REQUIREMENT:
Below are several records. Retype exactly those lines running from the one with "Crown: 18k gult" through the one with "被动防护是由钢丝绳网、环形网", end lines included, and no others.

[[ SUPPLIED DATA open ]]

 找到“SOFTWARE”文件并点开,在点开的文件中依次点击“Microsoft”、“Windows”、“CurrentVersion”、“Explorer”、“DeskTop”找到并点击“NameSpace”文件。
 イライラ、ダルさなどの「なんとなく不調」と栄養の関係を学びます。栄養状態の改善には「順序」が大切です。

[[ SUPPLIED DATA closed ]]
[[ SUPPLIED DATA open ]]

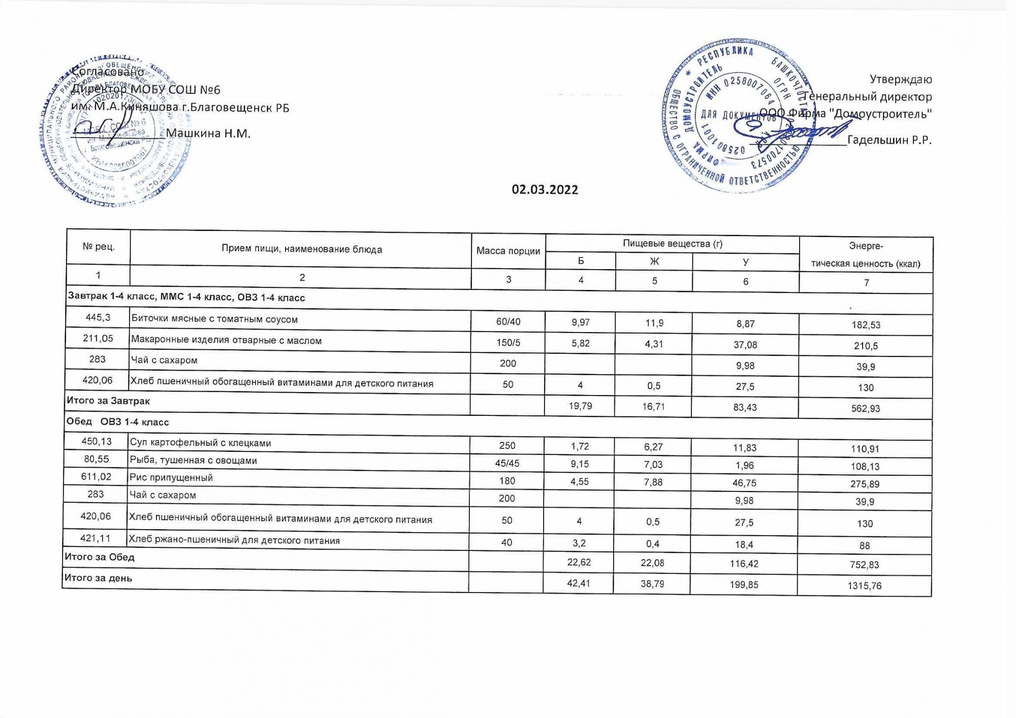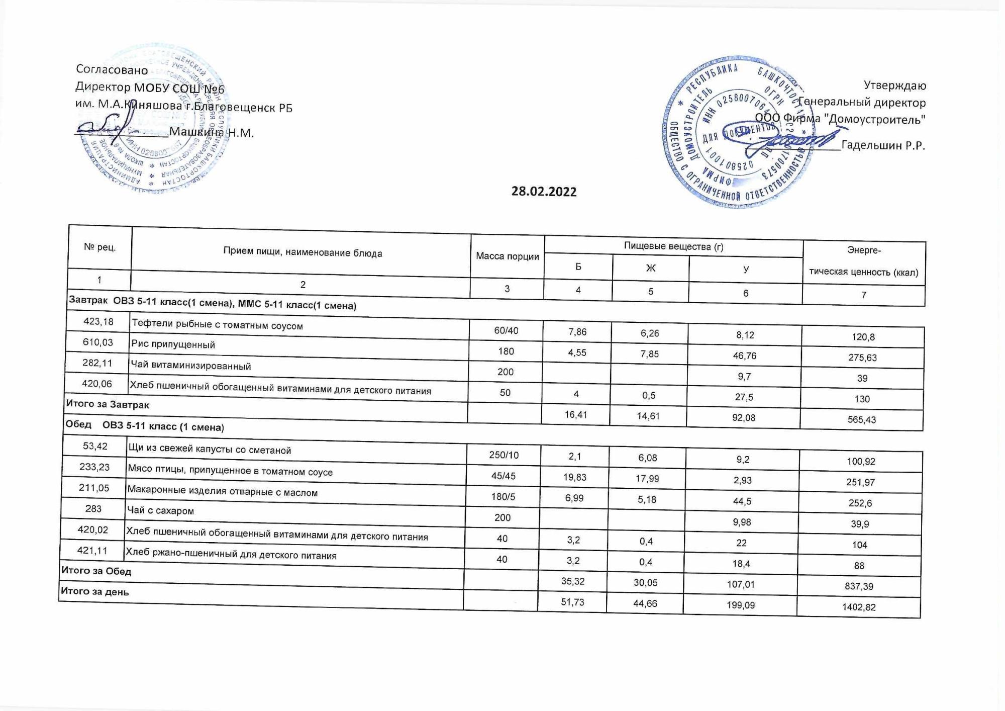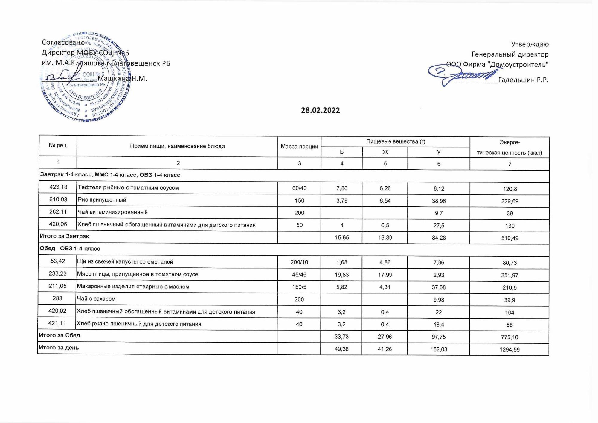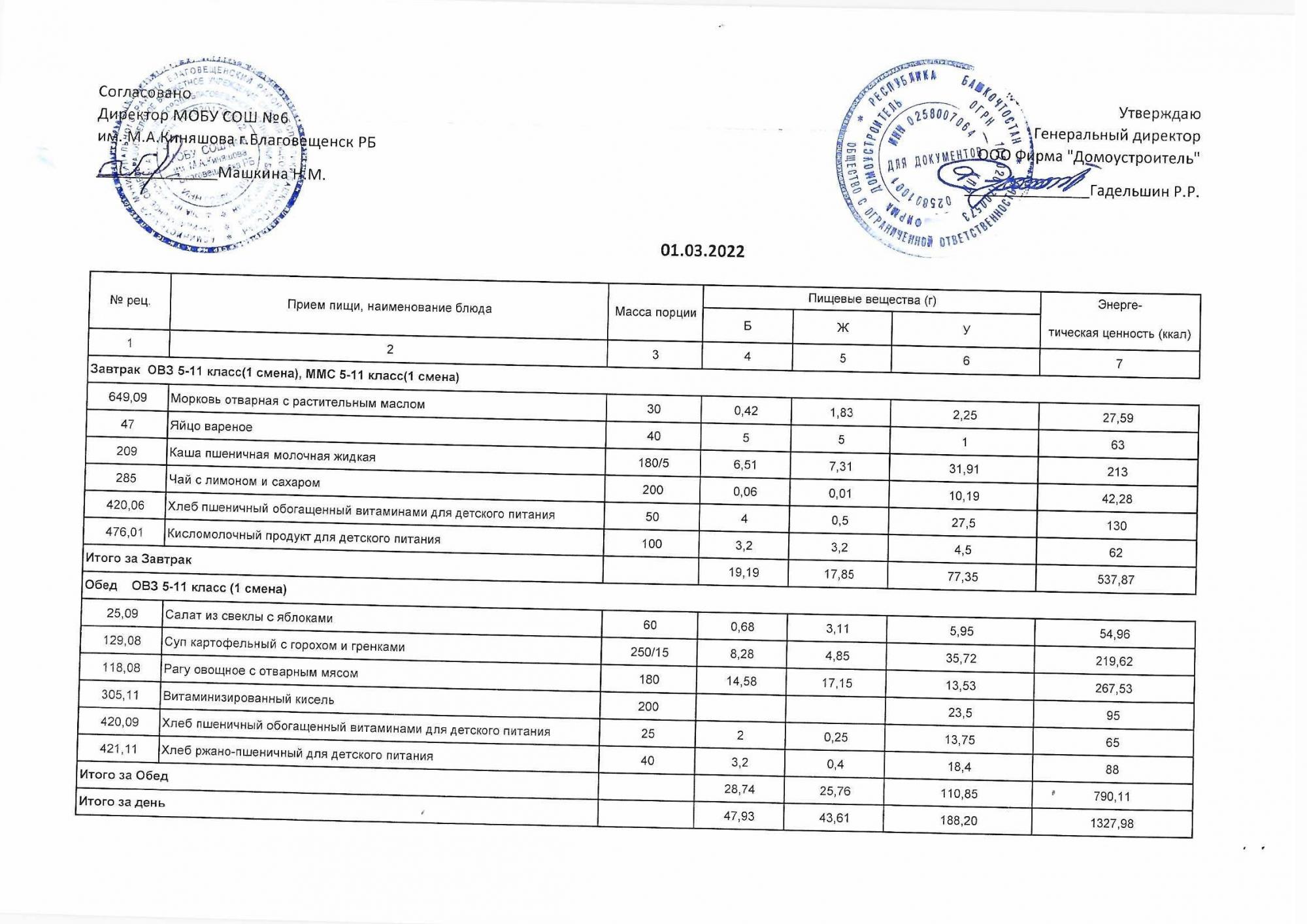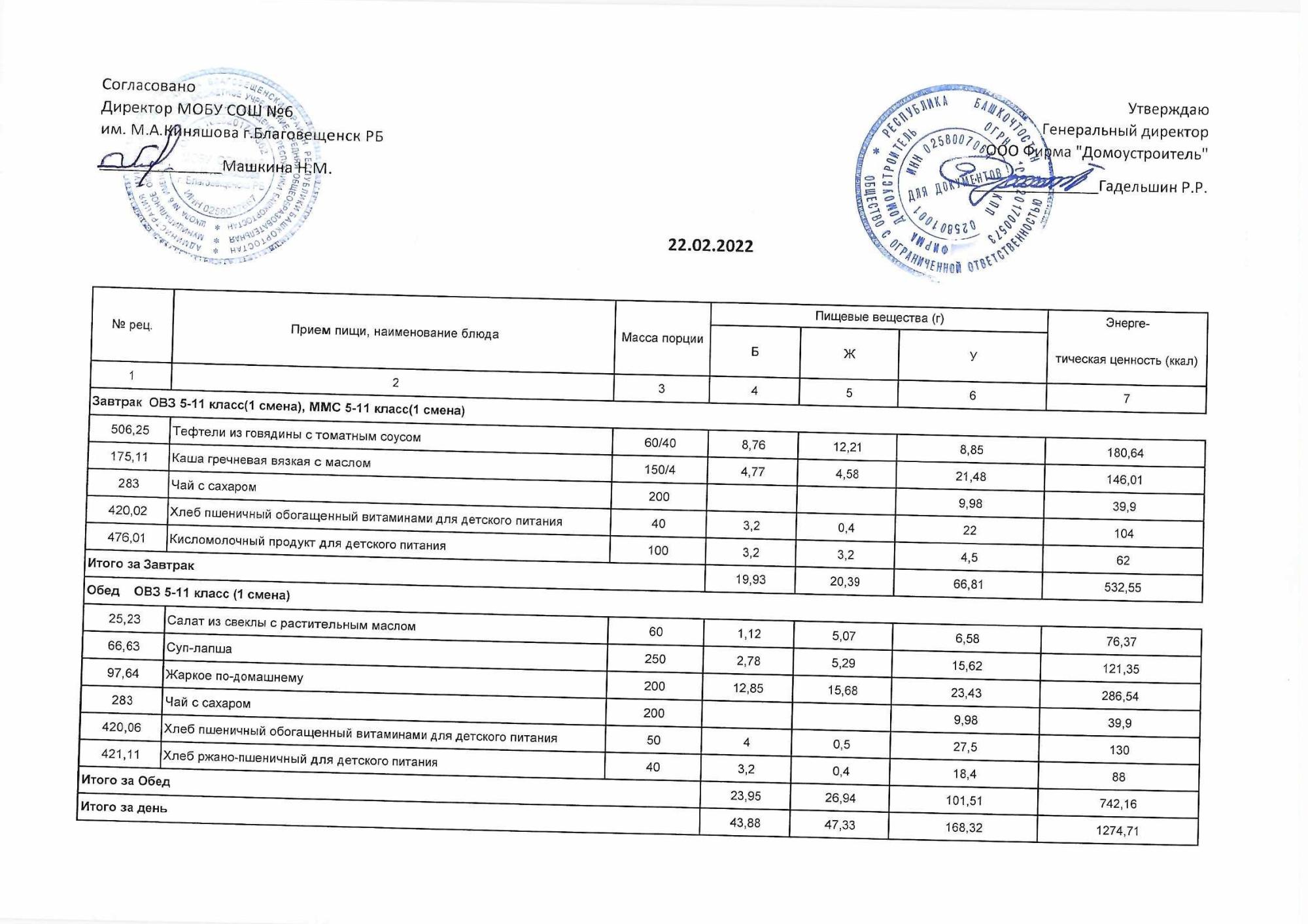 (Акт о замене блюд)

[[ SUPPLIED DATA closed ]]
[[ SUPPLIED DATA open ]]

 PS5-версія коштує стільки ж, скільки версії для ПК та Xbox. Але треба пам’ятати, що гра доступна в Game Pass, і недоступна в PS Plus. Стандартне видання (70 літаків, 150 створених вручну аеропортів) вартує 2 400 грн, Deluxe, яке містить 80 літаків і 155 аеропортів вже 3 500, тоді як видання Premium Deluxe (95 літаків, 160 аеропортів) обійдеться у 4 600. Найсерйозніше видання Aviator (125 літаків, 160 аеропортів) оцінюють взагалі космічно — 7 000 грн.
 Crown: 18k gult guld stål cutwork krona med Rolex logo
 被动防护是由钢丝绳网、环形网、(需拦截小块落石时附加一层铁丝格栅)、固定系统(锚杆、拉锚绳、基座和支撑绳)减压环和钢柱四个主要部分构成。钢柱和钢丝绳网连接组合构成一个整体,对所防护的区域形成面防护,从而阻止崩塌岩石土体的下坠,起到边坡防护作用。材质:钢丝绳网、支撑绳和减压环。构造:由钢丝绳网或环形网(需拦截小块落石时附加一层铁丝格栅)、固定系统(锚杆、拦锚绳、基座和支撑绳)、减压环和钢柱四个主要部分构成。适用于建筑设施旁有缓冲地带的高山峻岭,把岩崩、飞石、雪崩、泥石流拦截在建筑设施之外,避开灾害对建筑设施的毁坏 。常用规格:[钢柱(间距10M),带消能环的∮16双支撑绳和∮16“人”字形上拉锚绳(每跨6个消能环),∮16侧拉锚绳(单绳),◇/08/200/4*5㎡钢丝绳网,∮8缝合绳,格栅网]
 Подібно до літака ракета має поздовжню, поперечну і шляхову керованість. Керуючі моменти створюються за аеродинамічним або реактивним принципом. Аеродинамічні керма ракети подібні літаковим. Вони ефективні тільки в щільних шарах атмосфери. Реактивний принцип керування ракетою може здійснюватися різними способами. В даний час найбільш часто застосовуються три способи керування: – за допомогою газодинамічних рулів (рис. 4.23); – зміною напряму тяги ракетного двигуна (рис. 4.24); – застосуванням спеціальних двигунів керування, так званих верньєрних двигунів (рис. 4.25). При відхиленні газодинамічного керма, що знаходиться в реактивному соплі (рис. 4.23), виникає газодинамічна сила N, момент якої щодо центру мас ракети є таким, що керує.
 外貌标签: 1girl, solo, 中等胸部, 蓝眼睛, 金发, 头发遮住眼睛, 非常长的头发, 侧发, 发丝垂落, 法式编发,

[[ SUPPLIED DATA closed ]]

RESPONSE BOX:
 Crown: 18k gult guld stål cutwork krona med Rolex logo
 被动防护是由钢丝绳网、环形网、(需拦截小块落石时附加一层铁丝格栅)、固定系统(锚杆、拉锚绳、基座和支撑绳)减压环和钢柱四个主要部分构成。钢柱和钢丝绳网连接组合构成一个整体,对所防护的区域形成面防护,从而阻止崩塌岩石土体的下坠,起到边坡防护作用。材质:钢丝绳网、支撑绳和减压环。构造:由钢丝绳网或环形网(需拦截小块落石时附加一层铁丝格栅)、固定系统(锚杆、拦锚绳、基座和支撑绳)、减压环和钢柱四个主要部分构成。适用于建筑设施旁有缓冲地带的高山峻岭,把岩崩、飞石、雪崩、泥石流拦截在建筑设施之外,避开灾害对建筑设施的毁坏 。常用规格:[钢柱(间距10M),带消能环的∮16双支撑绳和∮16“人”字形上拉锚绳(每跨6个消能环),∮16侧拉锚绳(单绳),◇/08/200/4*5㎡钢丝绳网,∮8缝合绳,格栅网]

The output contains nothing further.